(Beginning of Information provided)

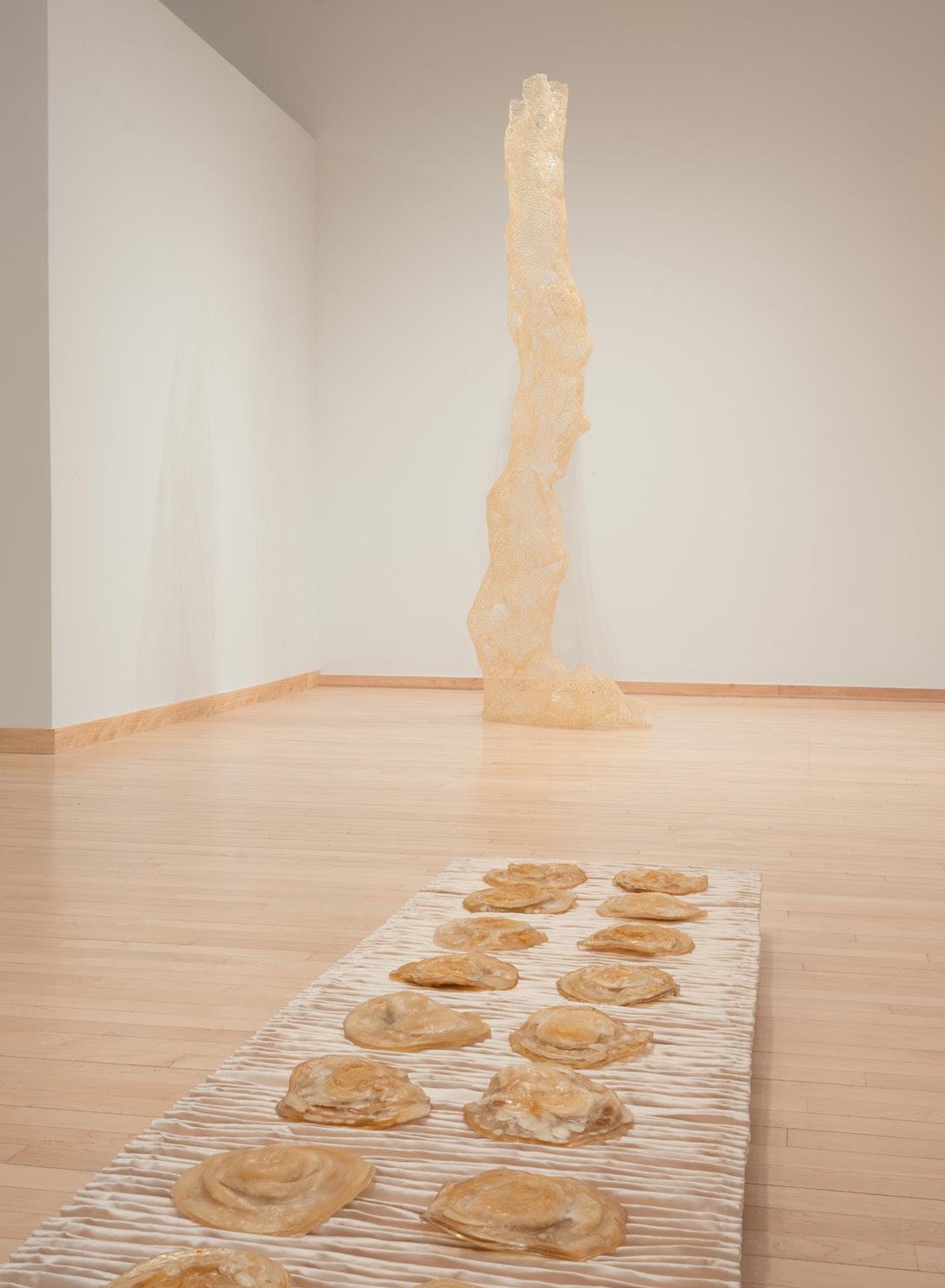 Representing a tapestry greater than any individual identity, Hagiladi’s most significant piece is a monochromatic glass sculpture that spans a wall that creates a composite landscape modeled from a photograph she took two years ago. The image represents a graveyard of fallen trees that lie uprooted and immovable. The transparent glass landscape of fallen trees requires the viewer to look beyond the image to the centuries past. Hagiladi’s glass panels hold the personal fractures she attempts to heal through making this work.
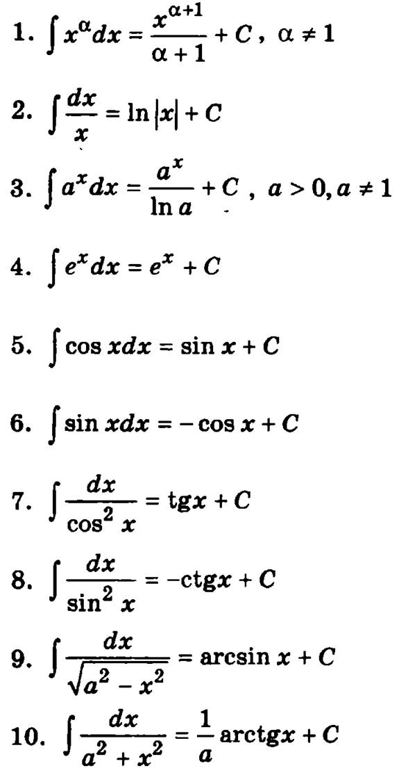 Высшая математика мини-справочник для ВУЗов Таблица интегралов от элементарных функций - НЕОПРЕДЕЛЕННЫЙ ИНТЕГРАЛ ПредыдущаяСодержаниеСледующая
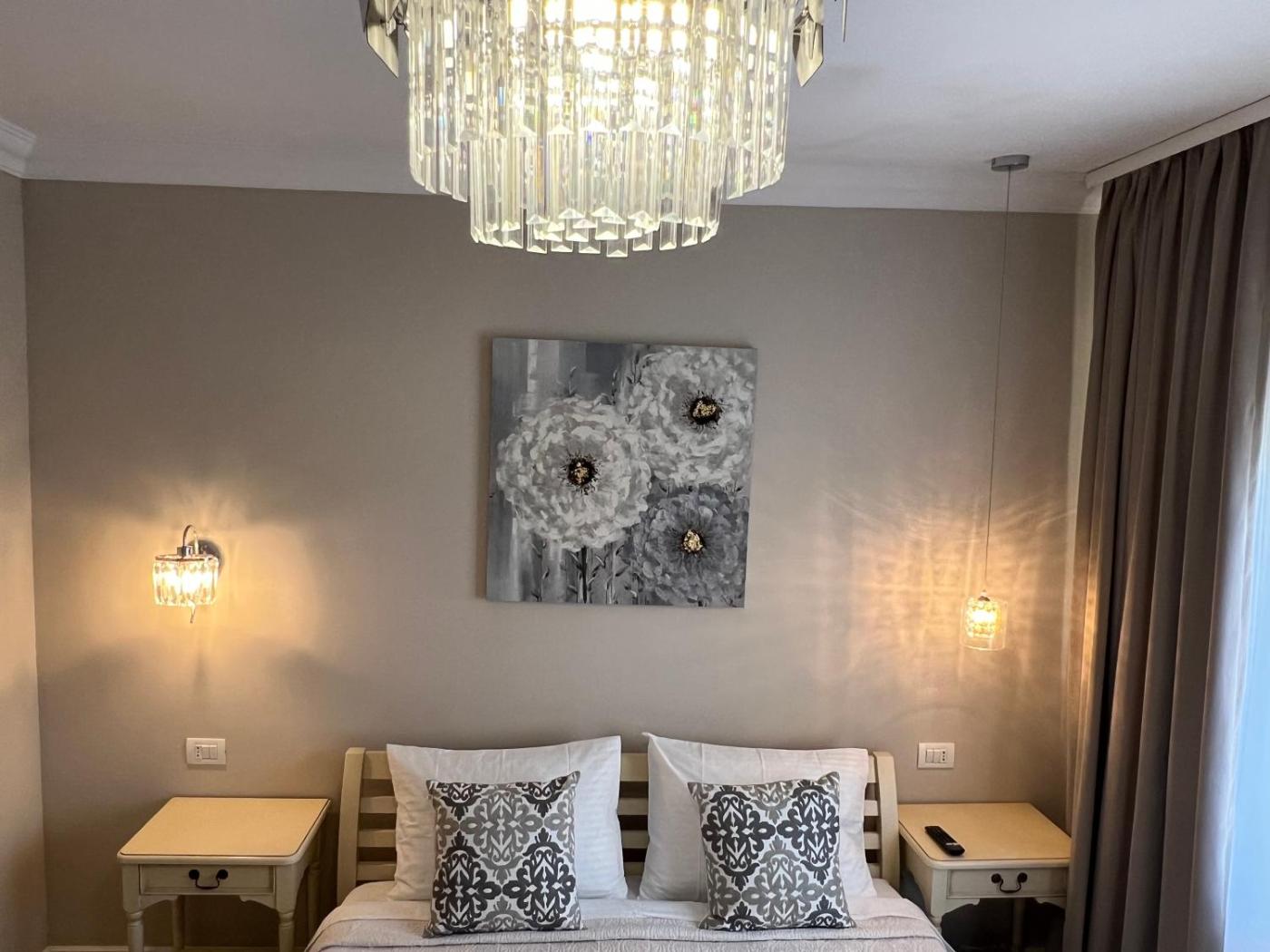 Deluxe Villa. Featuring a private entrance, this air-conditioned villa is comprised of 1 living room, 6 separate bedrooms and 4 bathrooms with a shower and a hairdryer. The villas kitchenette is available for cooking and storing food. Boasting a terrace with a quiet street view, this villa also offers soundproof walls and a flat-screen TV. The unit offers 6 beds. ;
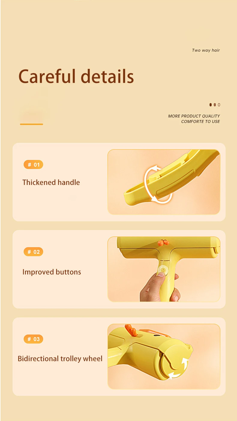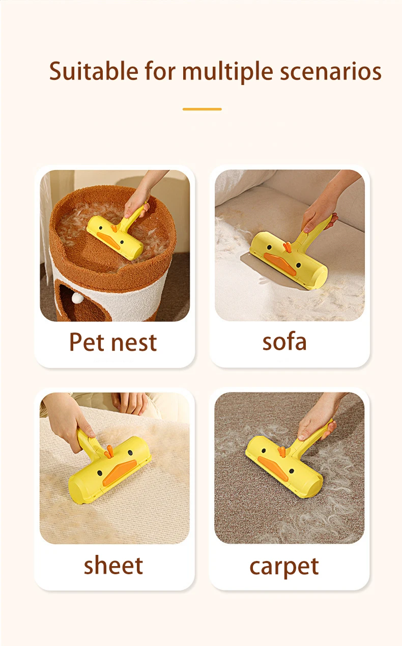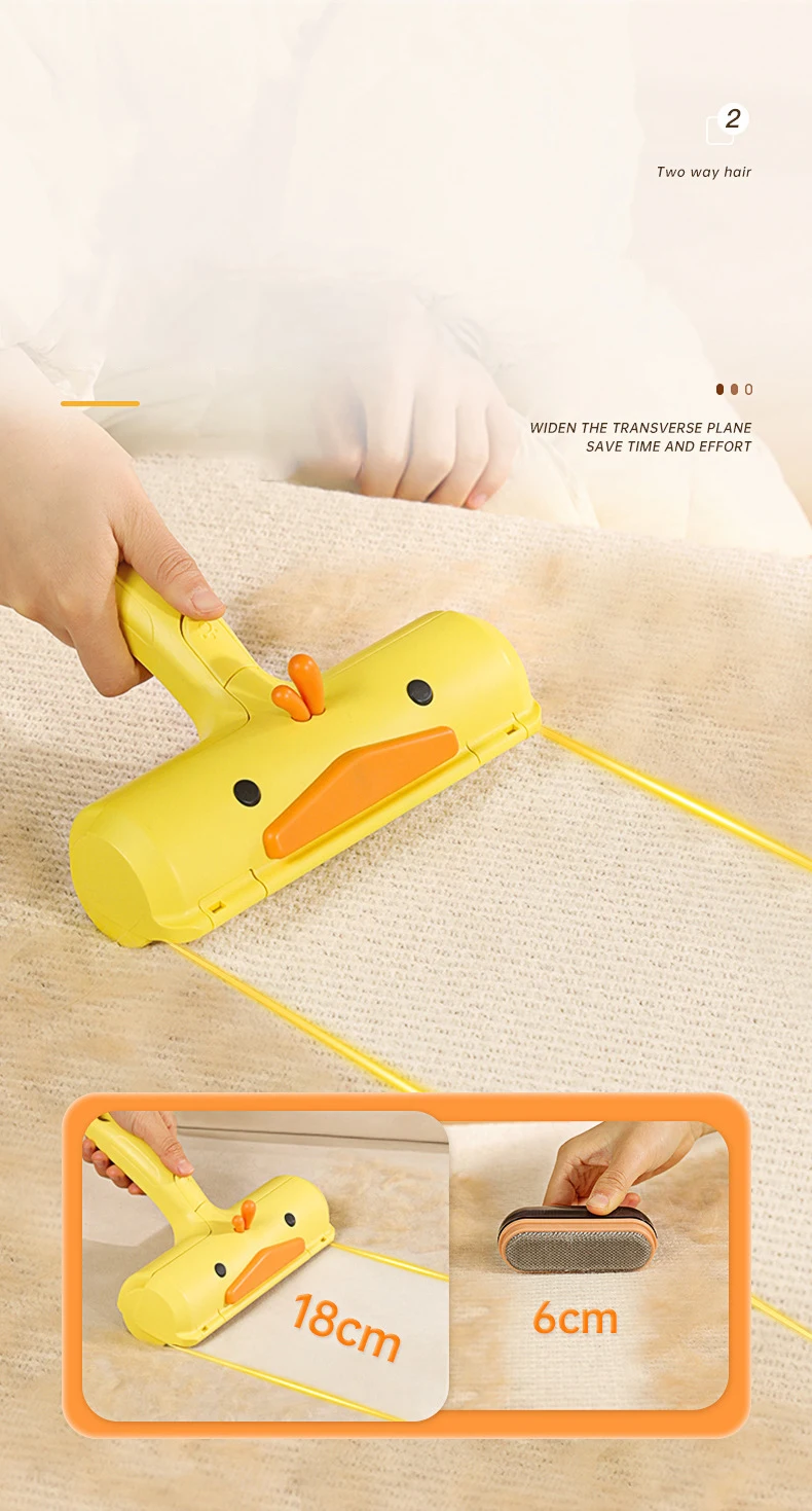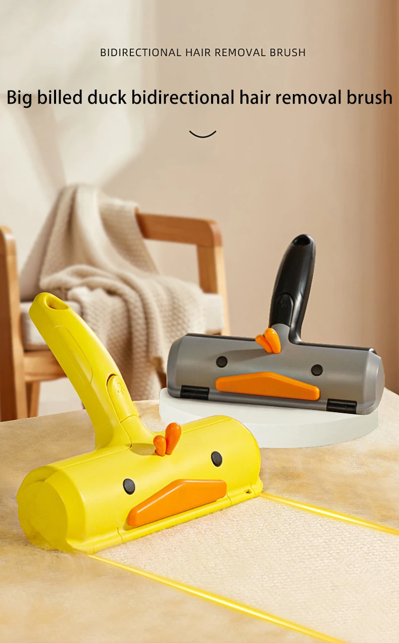 Rodillo de pegatina para pelo de mascotas, cepillo bidireccional para quitar el pelo, ropa, sofá, pegatina de limpieza, peine de pato amarillo, gato y perro

(End of Information provided)

→ Task statement
All of the data is to be returned exactly, with no pictures included.

→ The answer
 Representing a tapestry greater than any individual identity, Hagiladi’s most significant piece is a monochromatic glass sculpture that spans a wall that creates a composite landscape modeled from a photograph she took two years ago. The image represents a graveyard of fallen trees that lie uprooted and immovable. The transparent glass landscape of fallen trees requires the viewer to look beyond the image to the centuries past. Hagiladi’s glass panels hold the personal fractures she attempts to heal through making this work.
 Высшая математика мини-справочник для ВУЗов Таблица интегралов от элементарных функций - НЕОПРЕДЕЛЕННЫЙ ИНТЕГРАЛ ПредыдущаяСодержаниеСледующая
 Deluxe Villa. Featuring a private entrance, this air-conditioned villa is comprised of 1 living room, 6 separate bedrooms and 4 bathrooms with a shower and a hairdryer. The villas kitchenette is available for cooking and storing food. Boasting a terrace with a quiet street view, this villa also offers soundproof walls and a flat-screen TV. The unit offers 6 beds. ;
 Rodillo de pegatina para pelo de mascotas, cepillo bidireccional para quitar el pelo, ropa, sofá, pegatina de limpieza, peine de pato amarillo, gato y perro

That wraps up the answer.